The need for decision-by-committee creates inherent tensions for any professional manager trying to push new ideas. Matters are not helped by the typical lawyer’s conservative managerial mindset — one that can resist initiatives that involve risk. Failed initiatives can also bring unpleasant repercussions. “Research shows that lawyers are less resilient,” says Josten. “Things don’t necessarily roll off their backs all that readily. Mistakes tend to rattle them.”

“In the past, lawyers were running old-school analog businesses, doing everything in person. Now that they aren’t able to connect with their clients and their staff in the old way, they are having to rethink everything.”

All these characteristics make an incoming leader’s job more challenging. “Many managers don’t want to work in a law firm environment because older partners tend to be set in their ways and resistant to change,” says Correia. Demographics, though, are changing in the manager’s favor. “A lot of older law firm partners are leaving because of the pandemic. Younger attorneys are much more open to new ideas and also to outsourcing, which is tremendously helpful.”

SCARCE CANDIDATES

In their efforts to up their management game, law firms face a problem not unlike that of other industries: a scarcity of talent with the desired expertise.

“Law firms want highly experienced people, so they’ll aim to bring in a [certified public accountant] to be a [chief financial officer] or an MBA to be a COO,” says Josten. “But then they also want prior experience in legal, and that means there is a very shallow talent pool available.” Many people who have done this managerial work have been in their roles for a really long time and are now in their late 60s or 70s.

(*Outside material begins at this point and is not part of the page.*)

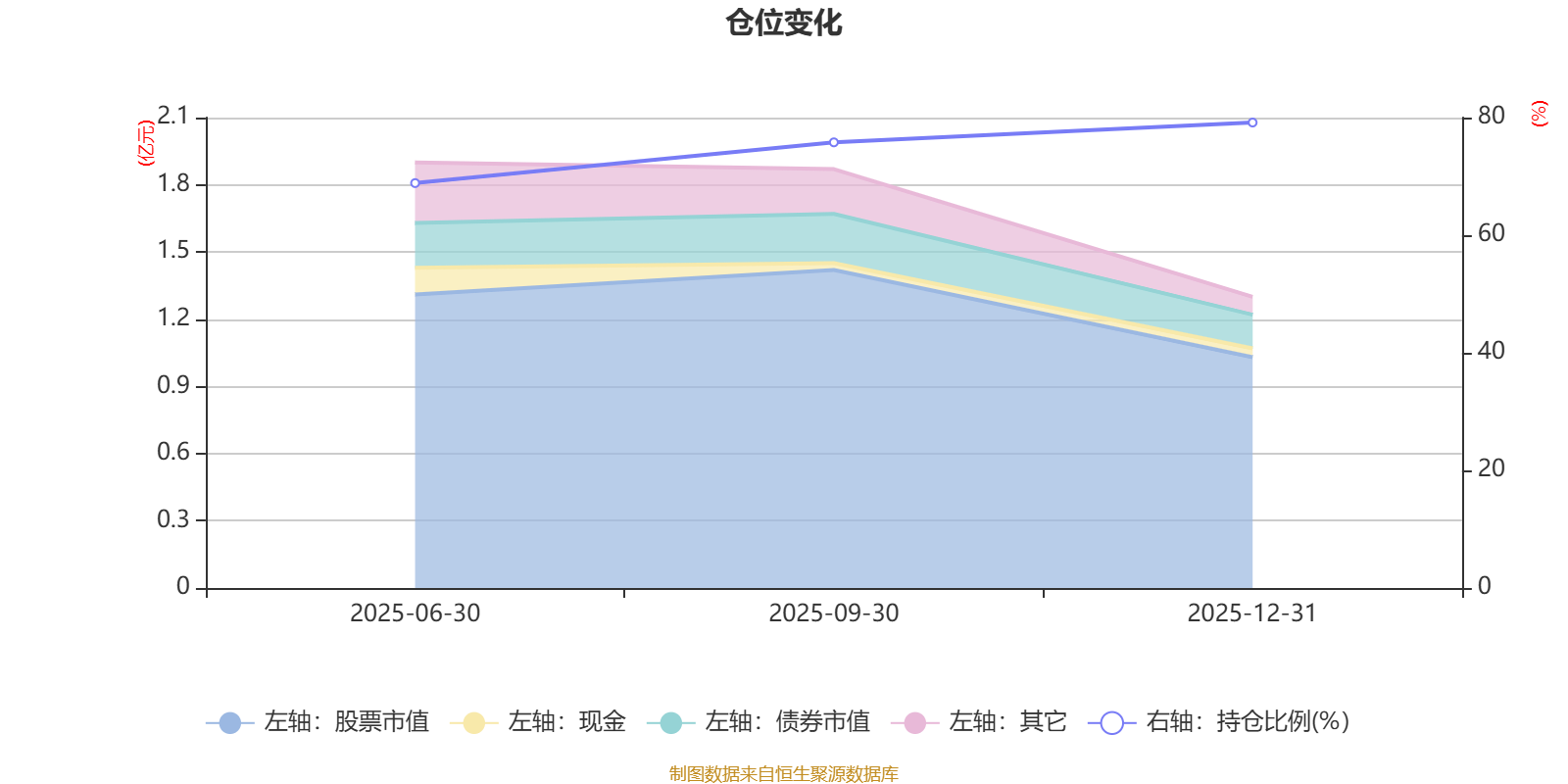 据定期报告数据统计,成立以来平均股票仓位为74.6%,同类平均为84.04%。2025年末基金达到79.16%的最高仓位,2025年上半年末最低,为68.86%。

A lot of them retired when the pandemic hit and there aren’t a lot of replacements waiting in the wings.

The scarcity of suitable candidates opens up enviable opportunities for ALA members, many of whom already have the experience in dealing with the vagaries of law firms. These skills will be in growing demand as the industry emerges from the pandemic economy to take on new work. With a view toward improving their salaries and job titles, talented administrators may want to participate in the same “Great Resignation” popular in other industries, where personnel at all levels are playing a profitable game of musical chairs.

The solution is to toss a wider net. “Law firms are getting pretty aggressive about hiring more managerial personnel who are not lawyers,” says Correia. This can be a good thing, he feels, as it can bring fresh air into an environment that is too often stultified. “In my opinion, legal experience should not necessarily be a prerequisite for a law firm that wants to operate more like a business. My preference would almost be to look outside the industry.”